There have been several researches regarding motion recognition through the use of smartphones [3] , [6] . In [6] , a decision tree (DT) using simple accelerometer features was implemented. In [3] , on the other hand, a support vector machine (SVM)–based classifier for smartphone users was created. Use of the DT in [6] gives a higher performance compared with use of the SVM in [3] . However, in [3] , the performance of the SVM-based classifier is better than that of the DT. Usually, each of the algorithms (DT and SVM) is dependent upon defined motion states, selected features, or the position and orientation of the smartphone. Hence, the performance of each algorithm cannot be guaranteed when such factors are likely to vary.
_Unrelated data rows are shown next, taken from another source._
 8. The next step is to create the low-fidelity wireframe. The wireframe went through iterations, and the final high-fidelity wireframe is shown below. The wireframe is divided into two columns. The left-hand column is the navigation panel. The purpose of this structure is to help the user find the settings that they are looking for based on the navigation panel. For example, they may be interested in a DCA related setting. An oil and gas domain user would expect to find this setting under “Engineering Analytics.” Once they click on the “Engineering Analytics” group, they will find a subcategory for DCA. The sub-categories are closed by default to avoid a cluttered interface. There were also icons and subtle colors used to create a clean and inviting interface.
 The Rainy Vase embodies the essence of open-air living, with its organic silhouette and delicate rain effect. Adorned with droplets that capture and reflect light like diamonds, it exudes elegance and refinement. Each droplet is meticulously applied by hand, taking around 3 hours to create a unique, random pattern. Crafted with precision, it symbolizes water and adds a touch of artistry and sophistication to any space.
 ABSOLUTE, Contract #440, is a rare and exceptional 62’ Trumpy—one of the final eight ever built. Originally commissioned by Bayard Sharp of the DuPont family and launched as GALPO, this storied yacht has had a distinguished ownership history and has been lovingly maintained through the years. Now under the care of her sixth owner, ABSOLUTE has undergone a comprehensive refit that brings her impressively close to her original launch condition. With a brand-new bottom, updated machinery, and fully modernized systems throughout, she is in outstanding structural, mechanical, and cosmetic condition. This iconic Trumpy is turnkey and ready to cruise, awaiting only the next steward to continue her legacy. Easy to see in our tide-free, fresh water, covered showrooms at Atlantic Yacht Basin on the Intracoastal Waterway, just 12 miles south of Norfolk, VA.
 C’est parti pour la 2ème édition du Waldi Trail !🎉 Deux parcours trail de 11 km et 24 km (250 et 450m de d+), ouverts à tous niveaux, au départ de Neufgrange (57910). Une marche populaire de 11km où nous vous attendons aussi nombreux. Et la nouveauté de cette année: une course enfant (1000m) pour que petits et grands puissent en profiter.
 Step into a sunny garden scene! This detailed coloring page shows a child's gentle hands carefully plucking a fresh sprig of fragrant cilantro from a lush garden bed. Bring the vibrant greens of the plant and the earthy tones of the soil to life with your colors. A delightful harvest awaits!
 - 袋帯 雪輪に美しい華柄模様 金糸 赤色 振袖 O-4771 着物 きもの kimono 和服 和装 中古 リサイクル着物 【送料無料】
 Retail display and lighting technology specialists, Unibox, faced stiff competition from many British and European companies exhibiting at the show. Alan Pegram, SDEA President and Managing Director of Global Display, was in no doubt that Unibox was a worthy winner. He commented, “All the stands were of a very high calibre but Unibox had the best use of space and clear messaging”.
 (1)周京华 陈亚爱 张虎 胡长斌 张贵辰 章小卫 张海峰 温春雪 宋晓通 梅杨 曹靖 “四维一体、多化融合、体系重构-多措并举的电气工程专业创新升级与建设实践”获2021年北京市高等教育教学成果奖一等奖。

To produce favorable results, an advanced classification technique is required, such as that used in an intelligent hybrid classifier. In this work, we present a hybrid model classifier consisting of DTs and an artificial neural network (ANN) ensemble. We define six user motions commonly performed in indoor environments. In addition, we define two motion groups — motions are assigned according to whether a proximity sensor is enacted by a motion. Next the ANN ensemble chooses a performed motion in a selected group. The experimental results show that the proposed classifier gives higher recognition rates than the single classifiers in [3] , [6] , [7] , and [8] .
II. System Description
Many researchers understand the limitations of single classifiers and how their performance is dependent on various experimental conditions. Also, in many applications, the process data to be analyzed can be too large for a single classifier to handle [9] . To overcome such limitations, we propose a hybrid model classifier. Here, the basic concept is derived from the notion that a combined opinion is more reliable than an individual one [10] . A diagram of the proposed hybrid model classifier is presented in Fig. 1 . The smartphone gives sensor data to the hybrid model classifier at a sampling rate of 50 Hz. We utilize the accelerometer and proximity sensor for the motion recognition. The input of the hybrid model classifier is the combination of the three-axis output from the accelerometer and the output from the proximity sensor. In Fig. 1 , the format of the input data is presented. The output of the hybrid model classifier is the estimated motion of the smartphone user. The first DT, using a variance value of the accelerometer output, determines whether the user is moving. If the first DT determines that the user is moving, then the second DT will determine the motion group to which the performed motion belongs by using an output of the proximity sensor. Each ANN ensemble finally recognizes the user’s motion.
PPT Slide
Lager Image
Hybrid model classifier.
We define six motions that are commonly performed by a user carrying a smartphone as they walk in an indoor environment. The defined motions, depicted in Fig. 2 , are explained in Table 1 .
PPT Slide
Lager Image
Defined user motions. (a) M_1, (b) M_2, (c) M_3, (d) M_4, (e) M_5, and (f) M_6.
Defined user motions.
Motion ID Motion explanation Motion group
M_1 Standing -
M_2 Walking looking at the device MG_1
M_3 Walking talking on the device MG_2
M_4 Walking swinging hands MG_1
M_5 Running MG_1
M_6 Walking with the device in pocket MG_2
III. Algorithm
- 1. DT
A DT is a classifier that helps to represent decisions that are made in accordance with a particular feature’s qualities; hence, it is also known as a qualitative classifier. For motion recognition, for which many features are required, a single DT classifier is not sufficient. On the other hand, if features can be clearly divided into certain motion groups, then a single DT in combination with other classifiers could be useful for motion recognition.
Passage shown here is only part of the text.